GET Articles (Hoaxy API): strange behavior on "date_published" query filter

giapippa commented 5 years ago

Hello there, I found some strange behavior with the Lucene index on "date_published". (using Hoaxy API on rapida-I) My goal is to retrieve all articles collected by Hoaxy at the highest granularity (hours or minutes). I noticed that: 1) the term range filter has problems on the same day (so no hope of filtering on different hours of the same day) 2) the simple query has problem with the "T" (I had to use a "?").

Maybe I misunderstood Lucene query index but I was able to find a solution to crawl the desired articles using something like:

date_published:2019-03-13?00* 74 results/entries
- date_published:2019-03-13?01* 22 results/entries
- date_published:2019-03-13?02* 50 results/entries
- etc…

Francesco

TWO NEGATIVE EXAMPLES:

TWO POSITIVE EXAMPLES

filmenczer commented 5 years ago

@shaochengcheng any comments on this?

shaochengcheng commented 5 years ago

Hello @giapippa, thanks for your feedback.

Firstly, a quick answer: you are right, I just aware of this strange behavior and marked it as a bug. I am sorry that I could not fix it right now.

Secondly, I would like to clarify that it is not correct when you used terms like '2014-01-01?00*'.

The field 'date_published' is stored and indexed as a string in format 'yyyy-mm-ddThh:mm:ss', which is one of the standard DateTime formats.
When filtering a field by a range, it compares the term in the way of lexicographical order (like a dictionary). The term '2014-01-01?00*' would be treated as a string, in which each wildcard is just a character without any function. Please check lucene query syntax

Finally, It seems that the range filter of 'date_published' works well for the day resolution. Thus an alternative way to reach your goal is to relax your query in a day resolution, e.g., [2015-01-01 TO 2015-01-02]. Then you could refine the data by your own script.

I am working on this bug now and will let you know when fixed.

Thanks Chengcheng

giapippa commented 5 years ago

Hello @shaochengcheng, thanks for the remark on the regex.

As a matter of fact I was already using the day-by-day filter -- as you suggest -- but then I could only obtain up to 100 results per query (which did not always correspond to the number of this). By the way, is it something you plan to change in the future (e-g- allowing a persistent connection in different chunks, maybe)?

Francesco

shaochengcheng commented 5 years ago

Hi @giapippa,

We have an internal ranking algorithm to rank the queried results by both their lucene scores and sharing tweets. Currently, at most 100 results would be returned, which you may also notice from our frontend (hoaxy.iuni.iu.edu).

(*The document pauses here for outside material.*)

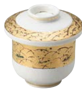
ツ474-587 新型むし碗 φ8.4×9.1cm (40入・磁) 3,250円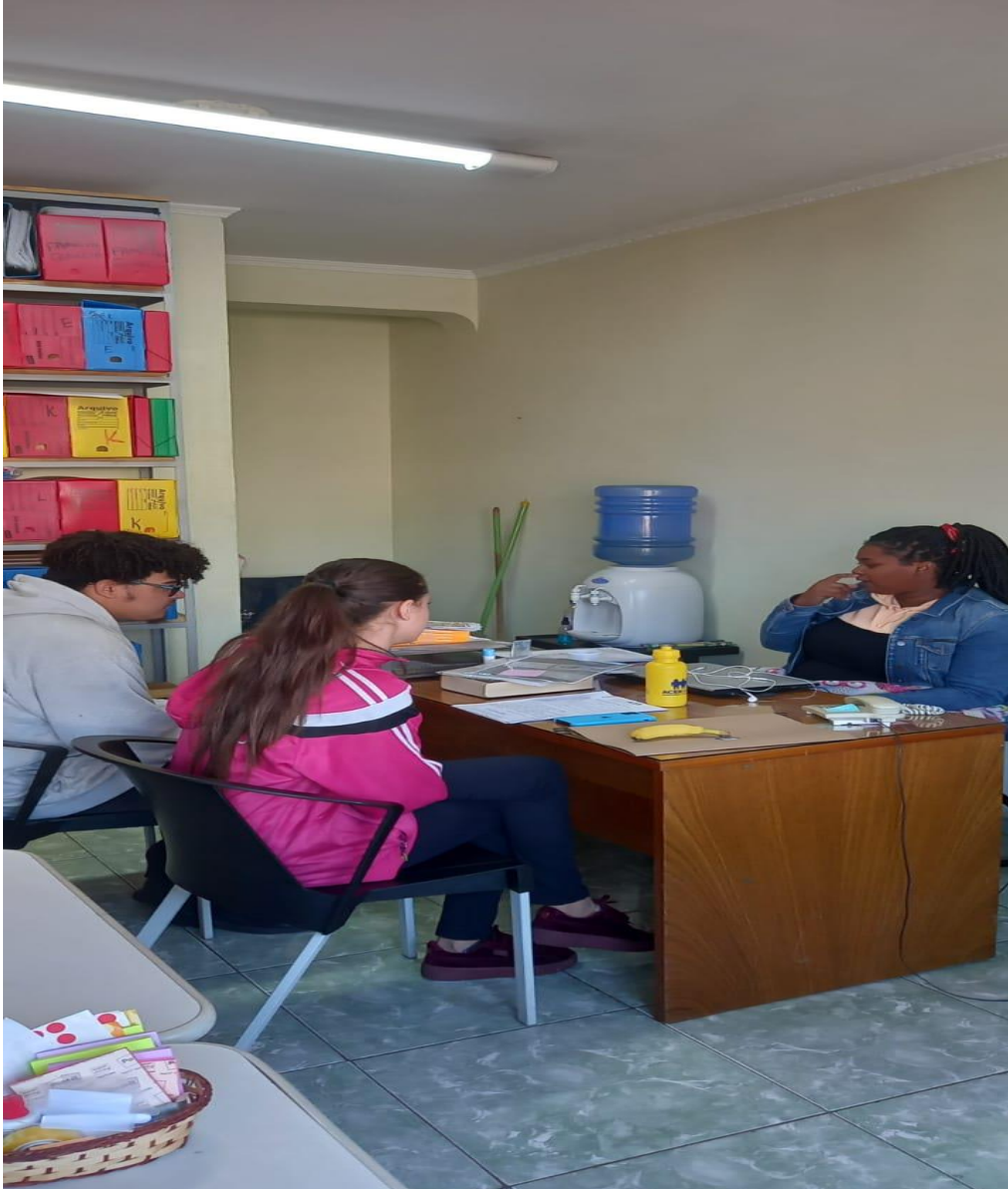
Conversa mensal recepcionista

@filmenczer, we will discuss in the next meeting whether to open an option to enable the article API to return as many results as possible for advanced users.

filmenczer commented 5 years ago

We discussed these issues. Regarding the issue with time searches, @shaochengcheng is looking into it.

Regarding the 100-result limit, this limit is necessary so that our back-end does not get overwhelmed and is able to respond to queries from the front-end.

filmenczer commented 4 years ago

From @shaochengcheng: "The bug ... is about how Lucene search and index datetime things. The current implementation uses seconds since the Epoch (Wrong), which means that we use integers to store the publication datetime. When searching, a kind of range filter is used. It is not clear why Lucene does not work as expected. If the current logic is right, then there are coding bugs in the implementation. Otherwise, we should switch to other ways to handle datetime, e.g., use datetime string directly."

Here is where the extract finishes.